Komnas HAM Ingin Hukuman Mati Dihapus
Komisi Nasional Hak Asasi Manusia (Komnas HAM) menghormati vonis mati yang dijatuhkan hakim kepada eks Kepala Divisi Profesi dan Pengamanan (Propam) Polri, Ferdy Sambo dalam kasus pembunuhan Nofriansyah Yosua Hutabarat alias Brigadir J.
“Komnas HAM menghormati proses dan putusan hukum yang telah diambil oleh hakim, dan memandang bahwa tidak seorang pun yang berada di atas hukum,” ujar Ketua Komnas HAM Atnike Nova dalam keterangannya, Selasa (14/2/2023).
Menurut Komnas HAM, apa yang dilakukan Ferdy Sambo merupakan kejahatan yang serius.
Sebab, selain merencanakan pembunuhan, Ferdy Sambo juga merintangi proses penyidikan atau obstruction of justice.

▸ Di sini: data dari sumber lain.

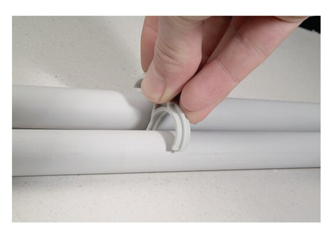 Deux lignes parallèles de diamètres différents sont maintenues par des supports élastiques.

“Terlebih dengan menggunakan kewenangannya sebagai aparat penegak hukum,” kata Atnike.
Namun, Komnas HAM juga menyoroti vonis pidana mati yang dijatuhkan hakim kepada Ferdy Sambo.
Dalam Kitab Undang-Undang Hukum Pidana (KUHP) yang baru, kata Atnike, hukuman mati bukan lagi menjadi hukuman pidana pokok.
“Komnas HAM mencatat bahwa dalam KUHP yang baru, hukuman mati bukan lagi menjadi hukuman pidana pokok, dan berharap agar penerapan hukuman mati ke depan dapat dihapuskan,” ujar Atnike.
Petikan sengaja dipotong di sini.